21st TSC marches to a new beat

by Sgt. Fay Conroy
21st TSC Public Affairs

Soldiers from the 21st Theater Sustainment Command are now marching to a new beat.

The brand new “21st TSC March” was written by Staff Sgt. Eric Burger, chief of the resource management and logistics division and detachment leader for the 76th Army Band, 21st TSC.

Although his current job might not have anything to do with making music, Sergeant Burger has had a long and impressive career as a
musician, both in the Army and as a civilian.

Sergeant Burger has been playing in Army bands for 20 years. It was while deployed with V Corps during Operation Iraqi Freedom in 2003 that the long road to the new 21st TSC march began.

Command Sgt. Maj. David Wood, then 3rd Corps Support Command command sergeant major, asked Sergeant Burger to write a march for 3rd COSCOM.
Sergeant Burger wrote the music for the march, and it was officially adopted in 2004. But it was at Sergeant Burger’s first performance at a 21st TSC event that he was asked by Command Sergeant Major Wood, now the 21st TSC command
sergeant major, to write a march for the “First in Support” command.

The heraldry of the 21st TSC proved to be a great inspiration to Sergeant Burger when he was writing the lyrics, he said.

“The (21st TSC’s) distinguished unit insignia has a blue band that symbolizes the blue of the Rhine River.

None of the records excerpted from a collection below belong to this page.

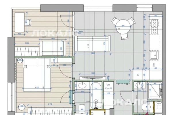 Планировка: спальня со своим с/у, вторая спальня/кабинет, кухня-гостиная, гостевой с/у и гардеробная.
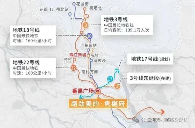 番禺广场预计2027年将以TOD模式、“地下商业+地上公园”的姿态全新亮相,国内建设体量最大地铁站将在此落成,汇集地铁3号/18号/22号/17号(规划)/3号线东延(在建),相当于“花城广场2.0”,为番禺打板“超前生活示范场域”,为广州新中轴再添全新坐标建筑。
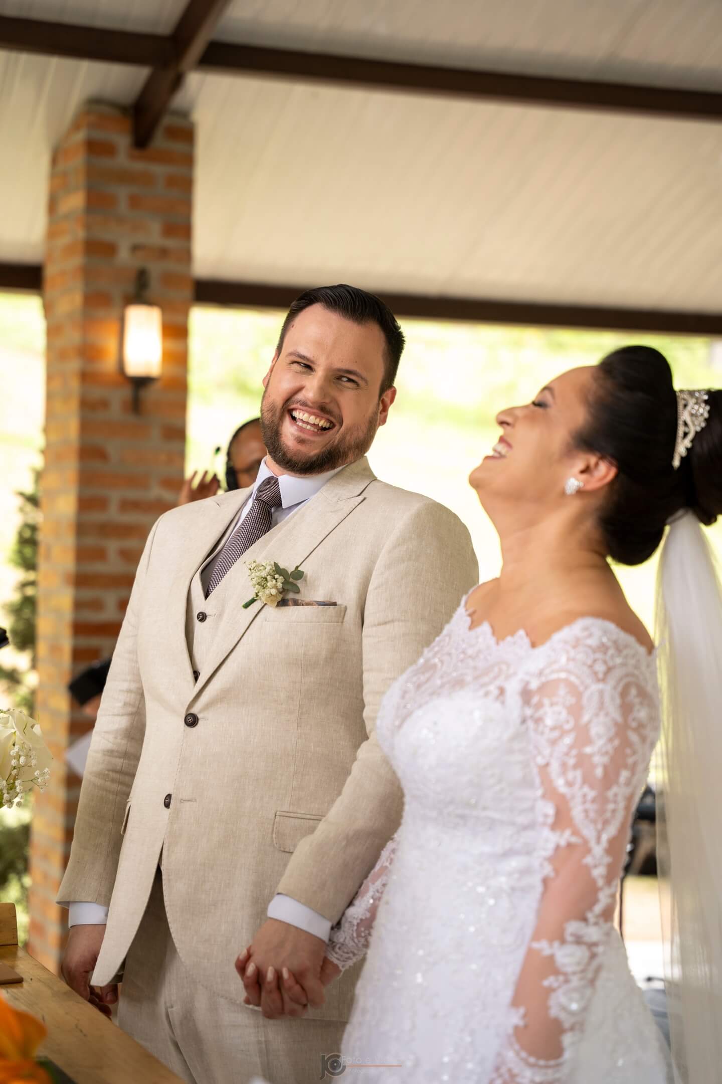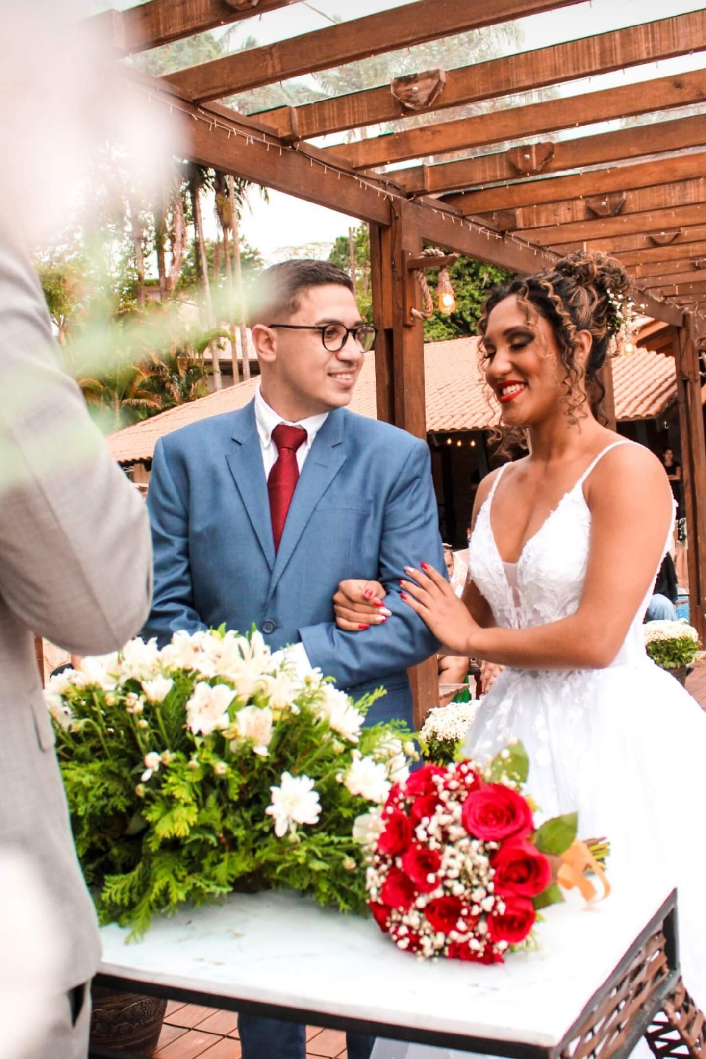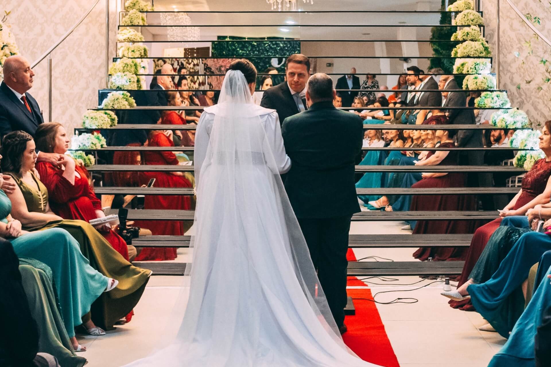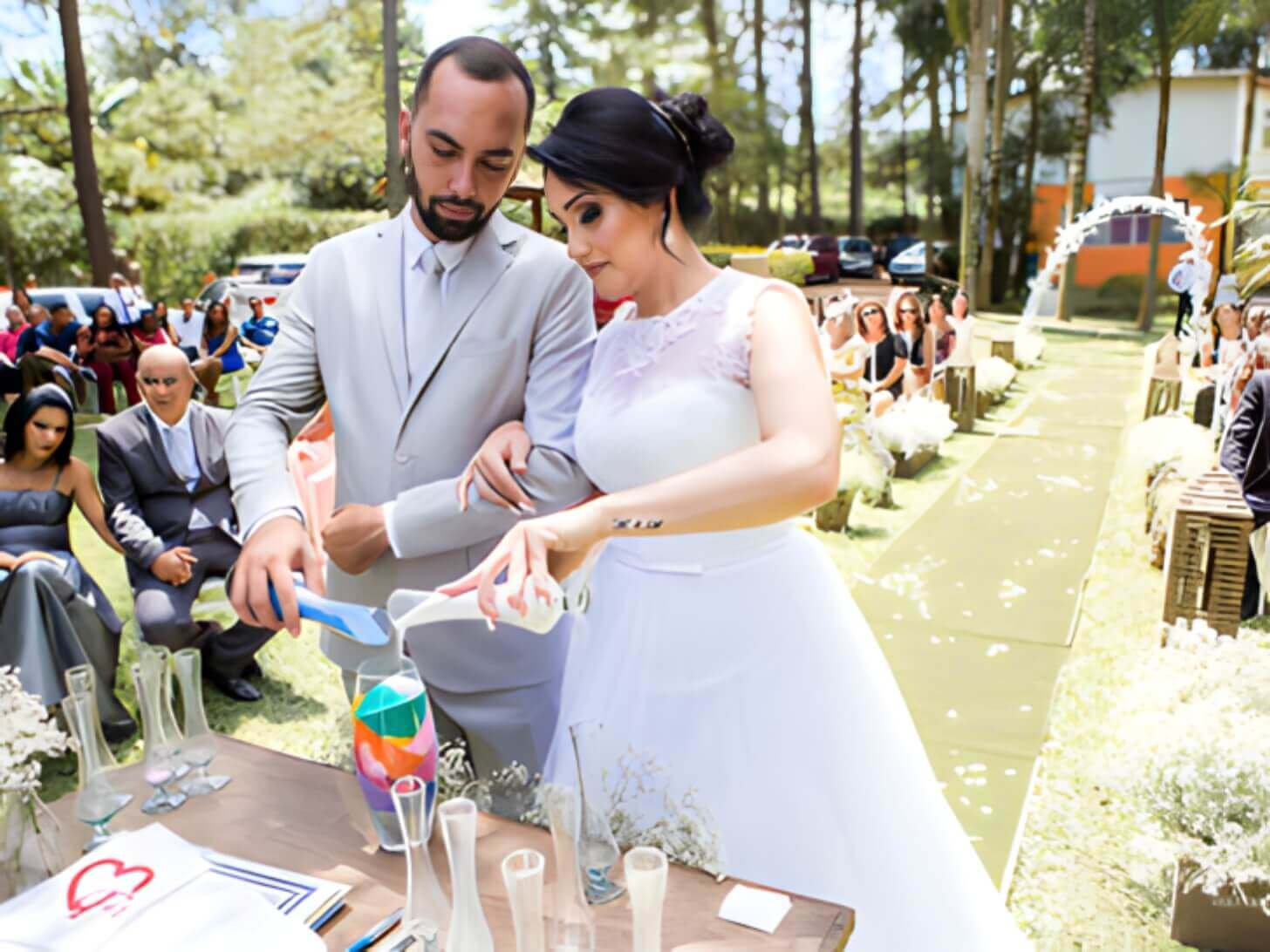 A cerimônia não seguirá o rito específico de uma religião, mas poderá incorporar elementos e tradições presentes nas crenças de cada um dos noivos. A opção por um celebrante de casamento é ideal para casais de religiões diferentes.

The first line of the song is ‘from the blue of the Rhine …’ The line ‘First in Support’ is the unit’s motto. The line ‘a golden arrow flying straight …’ refers to the line in the distinguished unit insignia symbolism,” Sergeant Burger said.  “The broad golden arrow depicts the unit’s mission awareness and its logistical strength.”

For the music, Sergeant Burger got a little help from John Philip Sousa, a famous marching band composer who lived around the turn of the 20th century.

“As I was working on the orchestration, I realized I had actually heard the melody before – or at least part of it. I went back through some previous arrangements I had done and realized the first part of the melody was from an 1886 march by John Philip Sousa titled ‘The Bride Elect’ that I had once arranged for a brass quintet. As I listened to the original, I felt it appropriate to use his four bar introduction with some re-orchestration,” Sergeant Burger said.

In his civilian life, Sergeant Burger has been equally successful. He has performed on stage with legends such as Frank Sinatra and Ella Fitzgerald and has been a featured jazz soloist at international jazz festivals. A few of these festivals include the Reno International Jazz Festival, the Kool Jazz Festival in Los Angeles, the Umbria Jazz Festival in Italy, the Monterey Jazz Festival in California and the SWR Jazz Festival at Europa Park and in Germany.

“Staff Sergeant Burger is an extremely talented and gifted musician, and even though the 76th Army Band is scheduled to inactivate later this year, the 21st TSC is very fortunate to have had such high-caliber musicians serving in the
command,” said Sgt. Maj. Cameron Porter, 21st TSC public affairs chief.   

Besides serving with the 76th Army Band, Sergeant Burger is active as a freelance musician and performs with his band Me and the Heat.